Tall reeds climbed up my leg, and the mud dragged my feet deep into itself. As my eyes drifted, I saw the Memories stretched out across the open field.
“When Time calls the soul, son, people vanish. We make sure of it. They are removed from our village, taken, interred here.” He paused to gather his thoughts. “The human heart bears much, sometimes too much.” Sadness fell out of him like tears.
I recoiled. “I don’t understand. Why did you bring me here?”
Silence broke me in half like a weak branch on a dying tree. “Look around you, Adam,” he said. “Look around you.” A pain stabbed my chest. He pointed to each Memory individually. “They are men and women from our village. Once they were like you, like me. You remember Page Donahue, and Red Granger? Last year, Page stopped breathing in her sleep. The Influencers removed her the next morning and assured her husband she was
Safe. Red, however, came to us, ready to expose the truth to Innocence…” It looked like my father was shattering. “They’re not ready, son. The children are not ready. But you are. This is the truth.”
“You lied to me,” I screamed. “The Influencers, everyone has lied to me. Where is Walter Crumb?”
“Here.” He pointed to his chest, and then he touched mine. A soft grin played with his lips.
The world sank inside my weary soul. It caved in and the only thing I could do was cry.
Father held me in his arms.
“How can I be a man, Father?” I sobbed, buried in his shirt. “Men don’t cry.”
“Who can regulate the rules of a man’s heart? I’ve cried many times in my life, son. But an Influencer must remain strong, even if his heart is wounded.”

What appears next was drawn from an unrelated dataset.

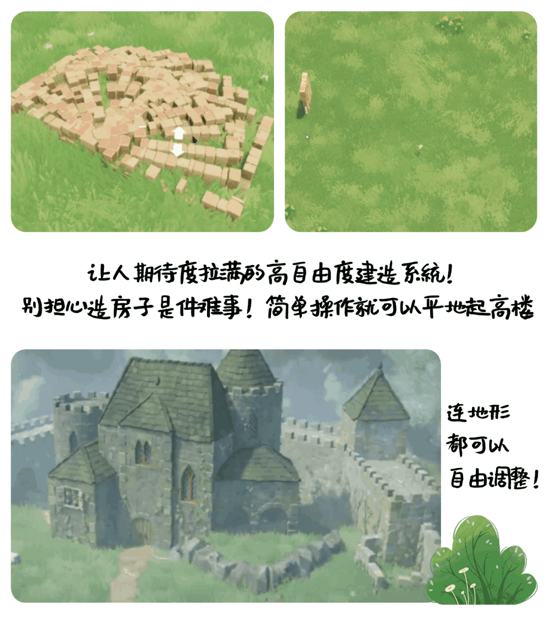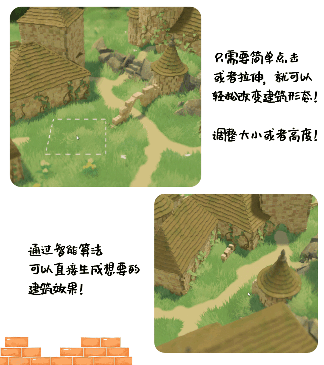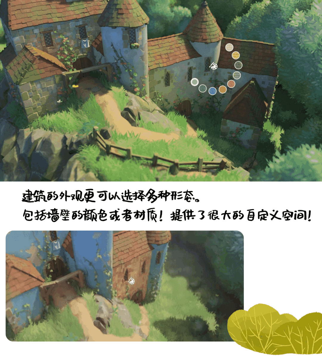 不仅如此,游戏也大幅降低了自定义建筑设计的难度,各种看似复杂的建筑步骤仅需玩家简单操作就可以实现,比如高墙建造完毕,可以自由拉伸调整整体的高度,比如你也不用担心自己画的塔顶不够圆,游戏会对你绘制出的形状进行智能修正!建房子,从未如此丝滑顺利!不用钻研成为技术流,完全沉浸在这种放松而平静的体验中吧。

“Where is Walter Crumb?” I wept, doubt, confusion and dread filling up my heart. I never chose to notice the vanishings, the bread crumbs leading to the inevitable truth, but my blindness became clear now. Living a lie was easier. All those whom I’d shared precious moments with. Gone. Like Walter Crumb. Behind my tears, I saw a name, blurred across the Memory. Timothy, it read. He was once my closest friend. He vanished three years ago when his weak heart stole him away.
“You will be a great man, son.” Father’s lip quivered with sentiment, as he stared into my wet eyes. “Adam, you are now a part of this secret.
“We must go back, Father, we must go back.”
“Son, Innocence will continue through you and our sons and daughters. You are an Influencer now, there is no turning back.”
No turning back, I thought, wiping the tears away. We embraced. I realized that one day I would vanish, one day my name would be written against stone. Left to the world as only a Memory.